Lattice Boltzmann method for direct numerical simulation of viscoplastic turbulent flow

Abstract

Turbulent flows of viscoplastic fluids are present in a number of industrial applications. However, the development of simulation methods and models for non-Newtonian turbulence are still in its early days. In this thesis, a numerical scheme based on lattice Boltzmann method (LBM) was developed for viscoplastic fluid flows. Then, this scheme was used in direct numerical simulations of viscoplastic turbulent channel flow. A complete numerical methodology for Bingham fluid flow was formulated, as well as the Chapman-Enskog expansion for the demonstration of its macroscopic equivalence. The use of regularization of ghost moments has resulted in remarkably stable simulations, at very low or high relaxation frequencies.
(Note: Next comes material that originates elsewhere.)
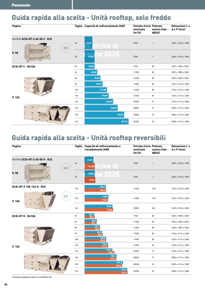 * Versione a pompa di calore con ventilatori EC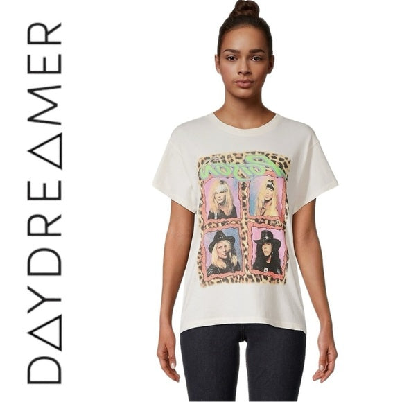 Step back to 1987 in Daydreamer's tour tee tributing Poison’s smash single and first top 40 hit in the U.S., “Talk Dirty to Me.” Cementing Poison as a top act of the `80s is an exclusive rendition of the group’s debut album artwork featuring glam headshots of the original four members in a leopard frame. This tee is stamped with Poison’s authentic logo accented in green and purple.

A great characteristic of LBM is the possibility of representing infinite viscosity by setting the relaxation frequency to zero. This enables the representation of the Bingham constitutive equation without artifacts. Steady-state and transient benchmark cases were solved in order to validate the present LB scheme. For the turbulent channel flow with Bingham fluid, the friction Reynolds number was fixed at 180, while the Bingham number varied from 0 (Newtonian) to 0.15. It is shown that unyielded portions of material travel along with the flow around the centerline. Unlike some studies suggested, these unyielded spots do not disappear quickly, but rather have a significant life-time. Another interesting outcome is that the yield stress has the effect on increasing the turbulence anisotropy, by making the spanwise and normal velocity fluctuations lower, while the streamwise component increases. In general, the direct numerical results achieved by LBM were very similar to those obtained by other numerical methods.